* [Supplied data]

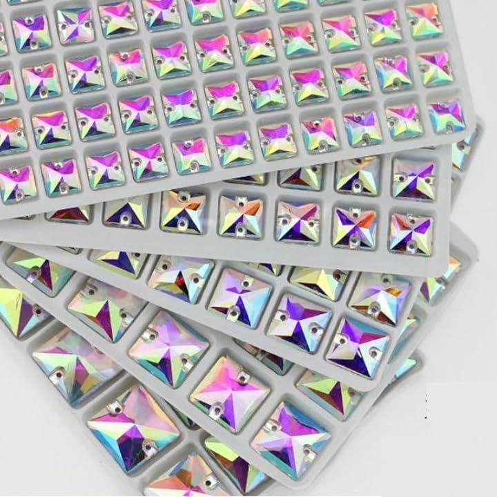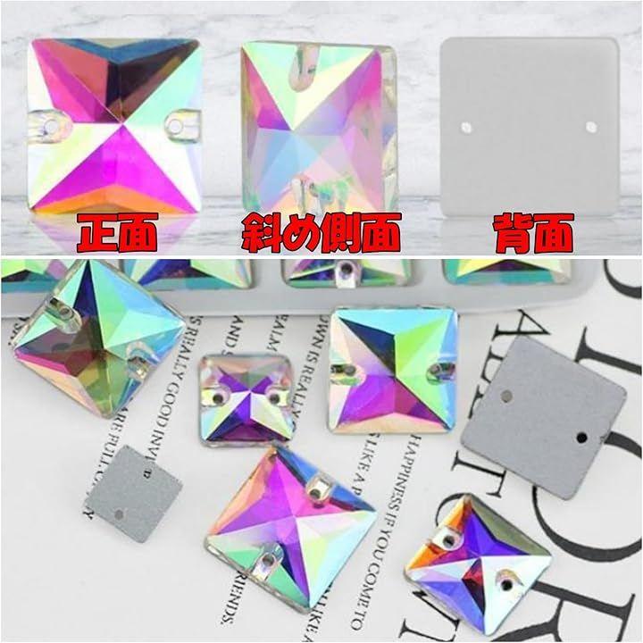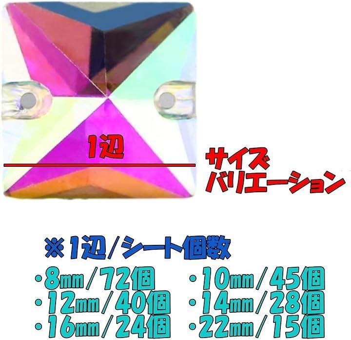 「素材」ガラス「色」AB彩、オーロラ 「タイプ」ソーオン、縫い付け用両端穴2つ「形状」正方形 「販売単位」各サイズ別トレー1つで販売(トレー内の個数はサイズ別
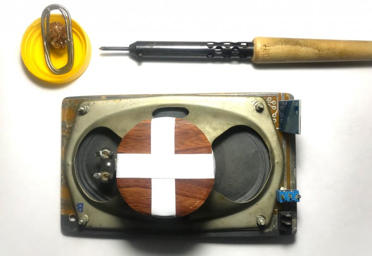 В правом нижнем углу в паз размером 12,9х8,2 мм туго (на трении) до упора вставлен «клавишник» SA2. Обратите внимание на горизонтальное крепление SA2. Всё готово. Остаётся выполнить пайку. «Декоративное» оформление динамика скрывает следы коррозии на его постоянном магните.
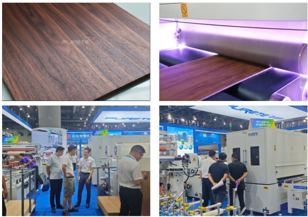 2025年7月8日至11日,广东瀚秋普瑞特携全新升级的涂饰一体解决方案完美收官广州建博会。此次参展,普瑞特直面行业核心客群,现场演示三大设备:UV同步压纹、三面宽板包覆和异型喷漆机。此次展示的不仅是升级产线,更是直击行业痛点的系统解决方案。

* [Exercise instructions]
Everything in the listing should be repeated exactly except the pictures.

* [Result below]
 「素材」ガラス「色」AB彩、オーロラ 「タイプ」ソーオン、縫い付け用両端穴2つ「形状」正方形 「販売単位」各サイズ別トレー1つで販売(トレー内の個数はサイズ別
 В правом нижнем углу в паз размером 12,9х8,2 мм туго (на трении) до упора вставлен «клавишник» SA2. Обратите внимание на горизонтальное крепление SA2. Всё готово. Остаётся выполнить пайку. «Декоративное» оформление динамика скрывает следы коррозии на его постоянном магните.
 2025年7月8日至11日,广东瀚秋普瑞特携全新升级的涂饰一体解决方案完美收官广州建博会。此次参展,普瑞特直面行业核心客群,现场演示三大设备:UV同步压纹、三面宽板包覆和异型喷漆机。此次展示的不仅是升级产线,更是直击行业痛点的系统解决方案。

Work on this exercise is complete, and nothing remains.